Ещё через полгода, жалуясь Турчанинову на свое бездействие в Астрахани 1 июня 1781 г., Суворов реально опасался, что его экспедиция «отложится» (Д II. 211). 24 числа он просил Потемкина разрешить ему выехать в Петербург – и получил, но «на самое короткое время» (Д II. 212). Неделю спустя, 29 июня, случилось страшное: командующий придворной флотилией в Петербурге капитан-лейтенант М.И. Войнович, прибыв с секретным предписанием к Каспийской флотилии, повёл ее к берегам Персии, даже не уведомив Суворова. «Я не только не участвовал в распоряжениях, касающихся сей экспедиции, но сведений о нём самом никаких не имел», – обиженно написал Суворов Потёмкину. Однако счёл долгом остаться в Астрахани, дожидаясь исхода дела (Д II. 213).

Дело закончилось катастрофой. Войнович, хваставший, что деньгами «отопрёт опочивально царь-девицы» (т.е. Персии) сумел основать на южном берегу Каспия торговую факторию, но был арестован со всеми офицерами и позорно отпущен за выкуп только через 15 месяцев. Суворов так и не получил приказ выступить по суше и утихомирить персов. Он изнывал от безделья до такой степени, что, пребывая, по его словам, будто в ссылке, ездил на местные балы (Д II. 214)[189]. На этом настаивал Потёмкин, и не случайно.

Бриллиантовая звезда ордена Александра Невского, отколотая от платья и вру­чен­ная Александру Васильевичу самой императрицей, не скрашивала годы прозябания полководца в захолустье. Ещё больше страдала его жена. 1 августа 1776 г., на 16-й день после смерти отца Суворова, Варвара Ивановна родила Александру Васильевичу дочь Наталью. Следуя по ужасным дорогам Южнорусских степей и Крыма за мужем, она дважды выкинула; в Крыму несколько месяцев провалялась в лихорадке.

Летом 1777 г. Варвара Ивановна оправилась, но мужу было не до неё. Рядом оказался внучатый племянник мужа, его верный ещё с Польши офицер Николай Иванович Суворов. Только к лету 1779 г., оказавшись вдали от дел в захолустье, великий полководец заметил роман своей жены с Николаем. Он был страшно оскорблён изменой близких. Отправив жену с дочерью в Москву, Суворов продал прошение разводе с женщиной, которая, «презрев закон христианский и страх Божий, предалась неистовым беззакониям явно». Александр Васильевич был убеждён, что все честные люди должны отвернуться от изменницы. Он выставил себя на посмешище свету, объявив о своём позоре; он просил управителя своего московского дома следить за женой, прекрасно принятой высшим московским обществом, и ограничить её контакты с любовником и другими ухажёрами (П 92, 94).
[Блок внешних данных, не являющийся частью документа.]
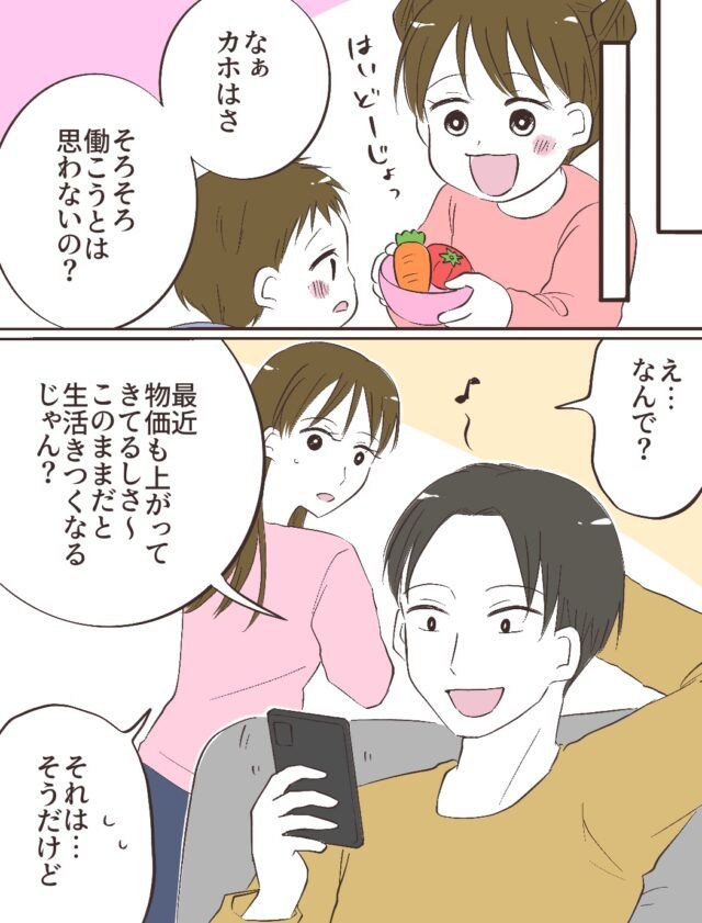 夕飯の支度をしていた時のこと、「なぁ、カホはさ、そろそろ働こうとは思わないの?」夫にそう言われ「え・・なんで」と聞き返すと「最近物価も上がってきてるしさ~。このままだと生活キツくなるじゃん?」スマホ片手に切羽詰まった様子もなくそう言い出した夫に「それはそうだけど・・」と答えました。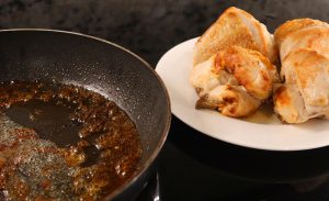 - Remove chicken from pan and add 1 tbsp butter and stir with pan juices until it begins to bubble, then add 1 medium shallot, finely diced, 1 clove grated garlic and 2-3 sprigs fresh thyme, leaves only. Stir to combine and sauté until the shallots become soft, 2-3 minutes.
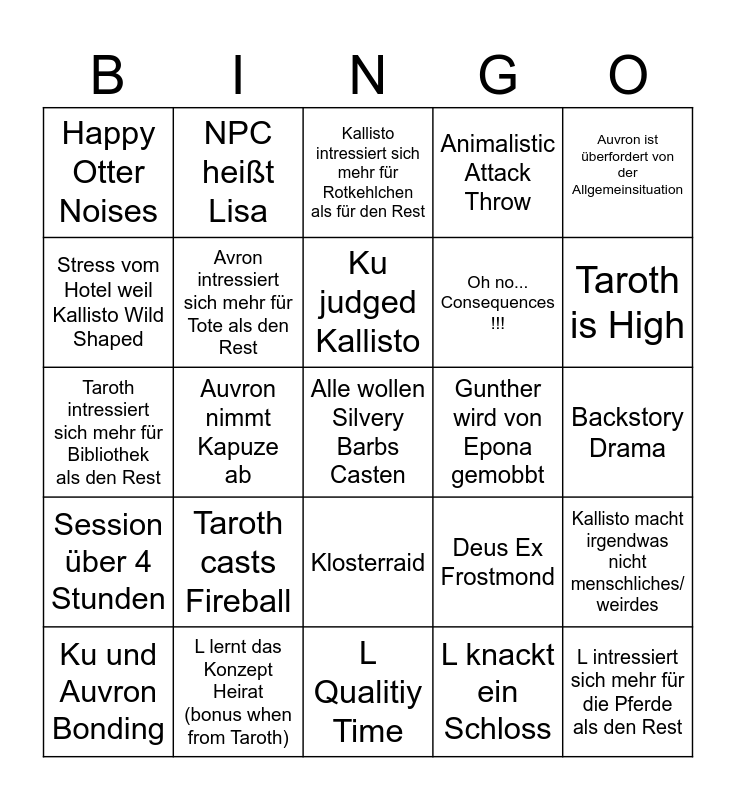 This bingo card has a free space and 24 words: Taroth casts Fireball, L lernt das Konzept Heirat (bonus when from Taroth), Ku judged Kallisto, Ku und Auvron Bonding, Auvron ist überfordert von der Allgemeinsituation, Happy Otter Noises, Stress vom Hotel weil Kallisto Wild Shaped, NPC heißt Lisa, Gunther wird von Epona gemobbt, Klosterraid, Oh no... Consequences !!!, Taroth intressiert sich mehr für Bibliothek als den Rest, Deus Ex Frostmond, Kallisto macht irgendwas nicht menschliches/ weirdes, Avron intressiert sich mehr für Tote als den Rest, L knackt ein Schloss, Backstory Drama, Kallisto intressiert sich mehr für Rotkehlchen als für den Rest, Taroth is High, Auvron nimmt Kapuze ab, L intressiert sich mehr für die Pferde als den Rest, Session über 4 Stunden, Animalistic Attack Throw and L Qualitiy Time.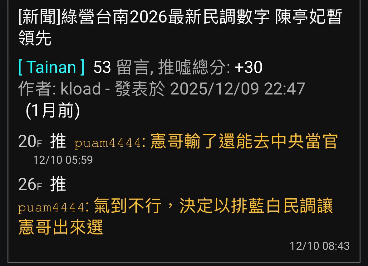 作者 kload (kload)標題 [新聞]幕後/憲妃大戰未了?綠喊台南「藍白介選時間 Thu Jan 22 19:28:24 2026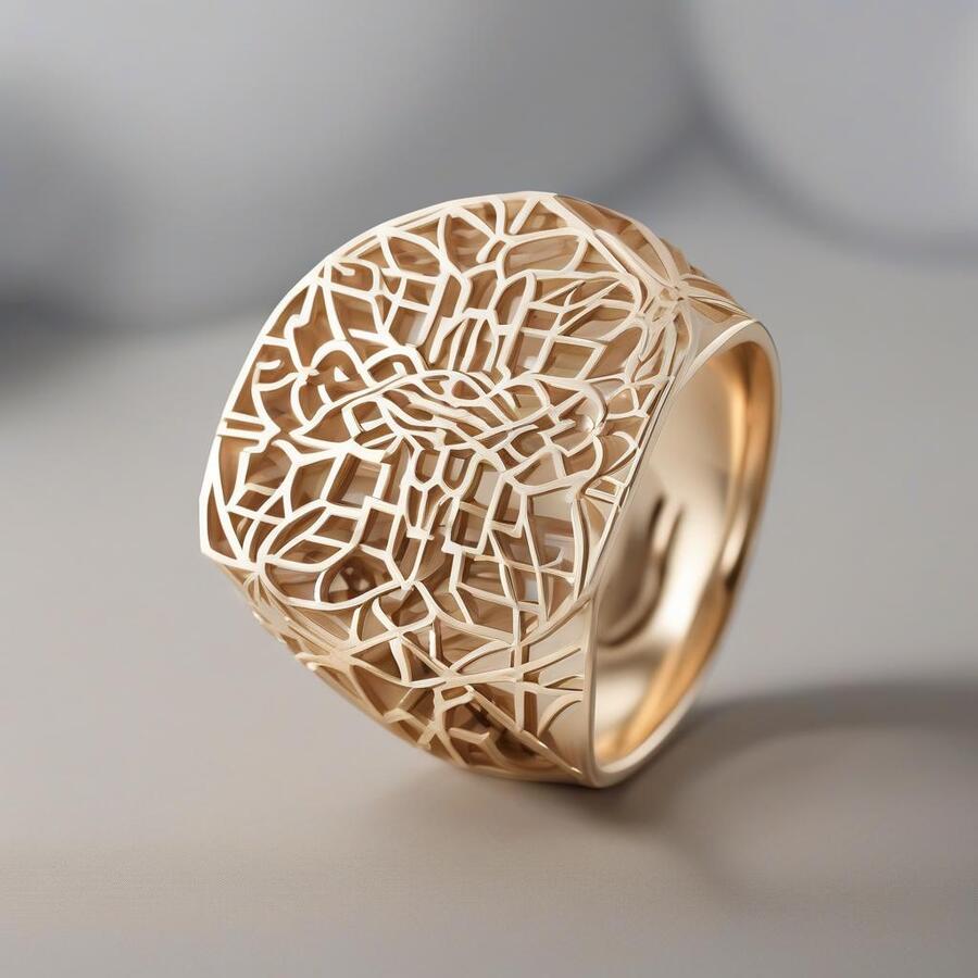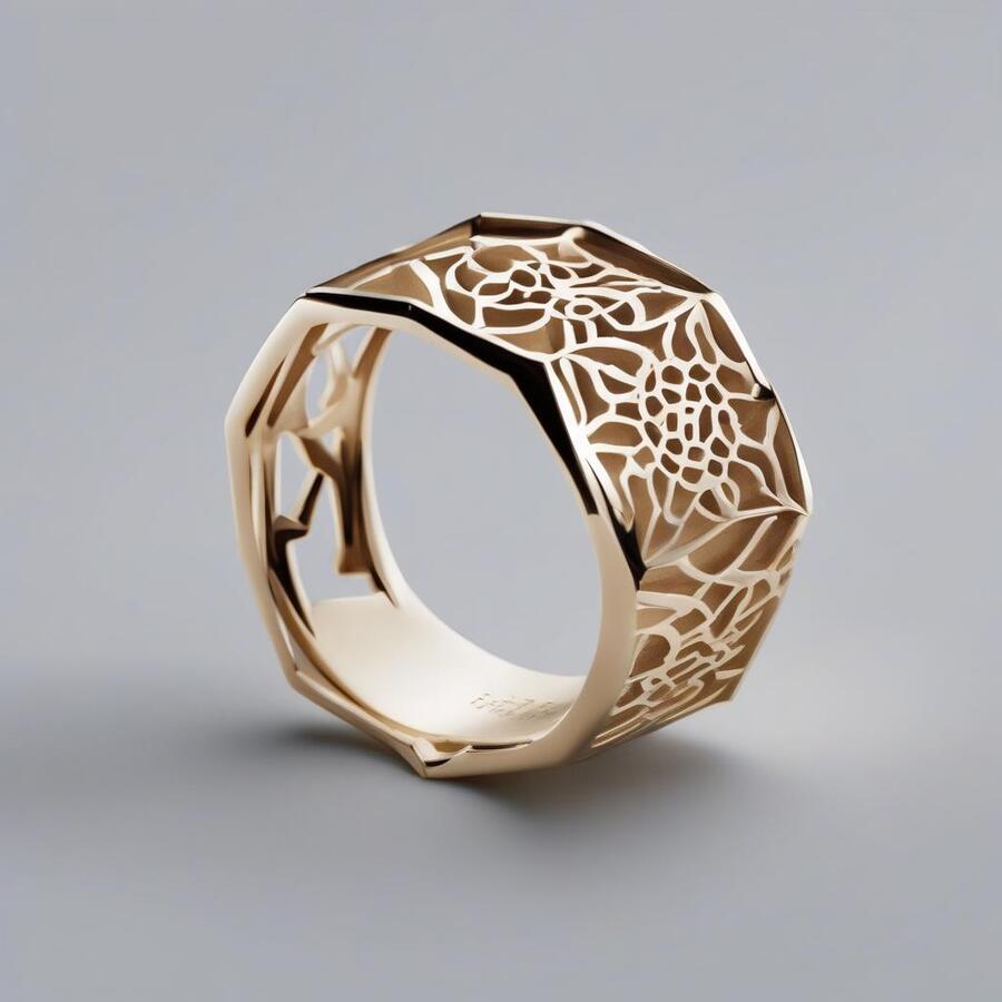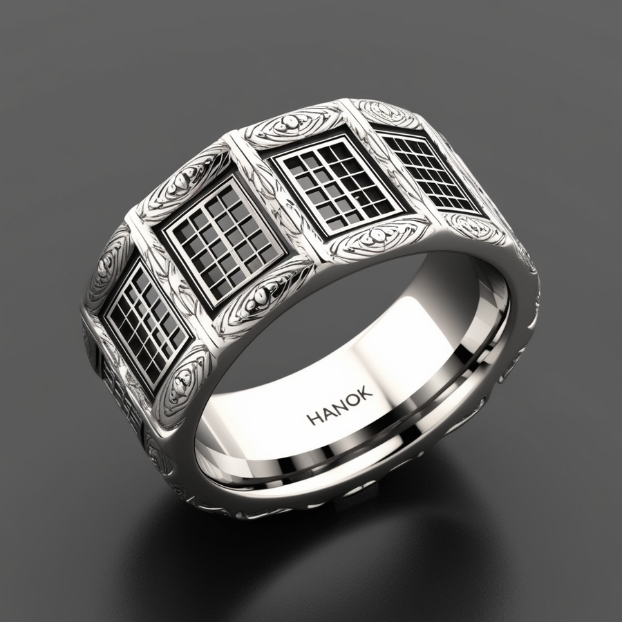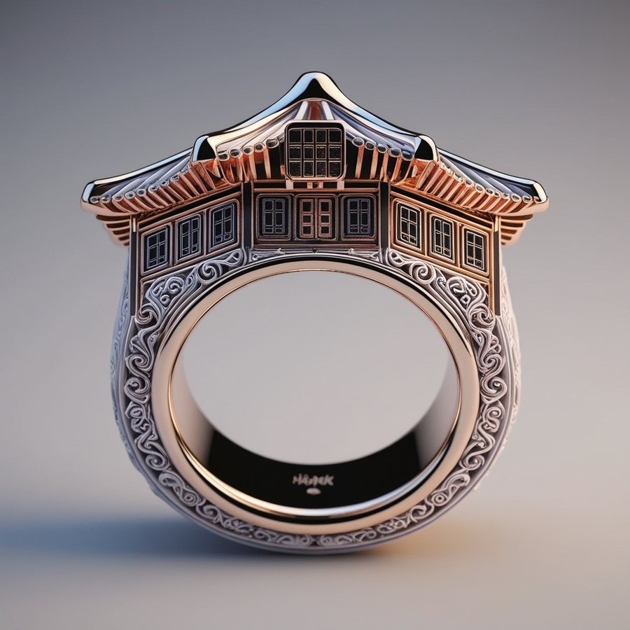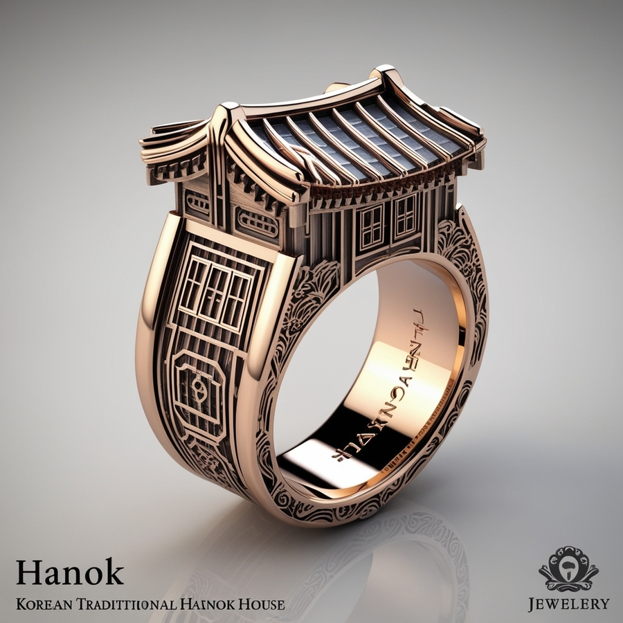 Промт: An exquisitely crafted 3D ring inspired by the intricate patterns found in a Korean traditional Hanok house. The ring mimics the delicate window and door patterns of the Hanok, showcasing a blend of cultural heritage and modern design. This stunning piece of jewelry captures the essence of Korean architecture in a unique and elegant way. The attention to detail is impeccable, with flawless craftsmanship and a truly mesmerizing aesthetic. This image is a digital rendering that showcases the ring’s intricate design in sharp, vivid detail.

О разводе и определении дочери Наташи в Смольный институт Суворов ходатайствовал через его старого начальника и сослуживца Потёмкина, всесильного фаворита (и тайного мужа) Екатерины II. Императрица поспешила на помощь полководцу, губящему себя в глазах света. Вызвав Суворова для обстоятельной беседы в Петербург, она уговорила его примириться с женой. Варвара Ивановна вновь вынуждена была отправиться в глушь…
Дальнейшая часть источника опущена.